On Wednesday, a Trump-appointed judge spanked three Trump boosters for spreading Trump’s lies in a ruling that could cost them hundreds of millions of dollars in damages. District Judge Carl J. Nichols crafted a blistering opinion allowing three defamation lawsuits filed by Dominion Voting Systems against MyPillow CEO Mike Lindell and Trump’s lawyers, Sidney Powell and Rudy Giuliani, to move forward to trial.
Nichols’ opinion sets forth the false claims peddled by each of the three defendants, then picks apart the evidence they used to support it. The resulting decision—which suggests that Dominion might satisfy even the high bar set for defamation claims from public figures about political contests—is a beatdown. It was a small wonder on Thursday that Alan Dershowitz, appearing at Lindell’s MyPillow Symposium, denounced the Dominion suit as the “new McCarthyism.” If you are not free to lie brazenly about everything, always, causing untold financial and institutional ruin, what liberty can possibly remain?

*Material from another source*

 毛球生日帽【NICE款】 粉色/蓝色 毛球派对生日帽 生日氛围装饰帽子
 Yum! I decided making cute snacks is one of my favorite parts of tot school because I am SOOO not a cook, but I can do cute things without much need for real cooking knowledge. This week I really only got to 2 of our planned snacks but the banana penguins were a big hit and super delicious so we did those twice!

Nichols’ work represents the kind of tedious fact-checking and exacting scrutiny for which courts are still better suited than almost any other entity—not just connecting virulent lies to their consequences, but also affixing a dollar amount to both. As George Conway pointed out on Twitter, the damages may well be both massive and provable, given that some states will not buy Dominion voting systems as a result of the big lie that Lindell, Giuliani, and Powell continue to peddle. Dominion filed additional suits on Tuesday against Newsmax and One America News Network, alleging they also helped to spread baseless conspiracy theories about the company’s role in the 2020 election. While these cases, and a similar one against Fox News, deal with different First Amendment questions, Nichols’ ruling cannot bode well for these big media purveyors of the big lie.

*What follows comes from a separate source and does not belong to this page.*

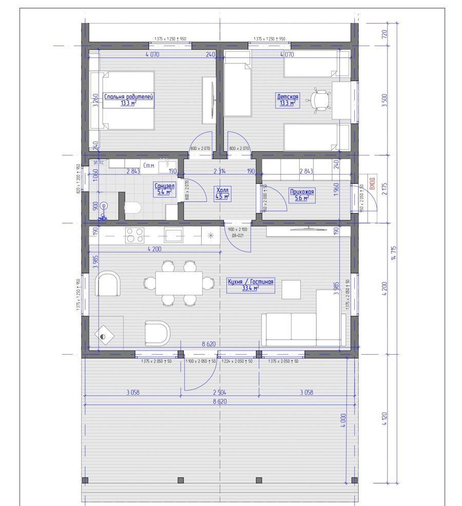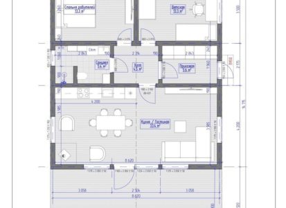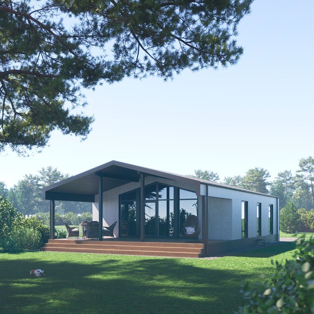 Очень уютная планировка. Просторная и светлая кухня гостиная, где можно разместить всех гостей. Спальня родителей, детская, совмещенный санузел. Комбинированная отделка фасада, где чередуется использование планкена и декоративной штукатурки. Материал кровли – гибкая черепица. Так же в этом проекте большая терраса для посиделок наедине с природой. Чтобы слушать пение птиц, встречать рассветы и провожать закаты.

In his refusal to dismiss the cases against Powell, Giuliani, and Lindell, Nichols sticks to the facts, although some of his facts are on their face hilarious. A footnote, either deliberately or not, points out that “MyPillow appears to […] argue that the First Amendment grants some kind of blanket protection to statements about ‘public debate in a public forum.’ ” (Pillow-blanket, get it?) He details, exhaustively, the fictions pressed by all three defendants, in the heat of the postelection uncertainty and confusion:
On November 12, Giuliani appeared on Fox Business’s Lou Dobbs Tonight and stated that Dominion is owned by a company called Smartmatic, which Giuliani claimed was formed “by three Venezuelans” “in order to fix elections.” Powell was a guest on the show the next day; she stated that she could “hardly wait to put forth all the evidence we’ve collected on Dominion, starting with the fact it was created to produce altered voting results in Venezuela for Hugo Chávez and then shipped internationally to manipulate votes for purchase in other countries[,] including this one.”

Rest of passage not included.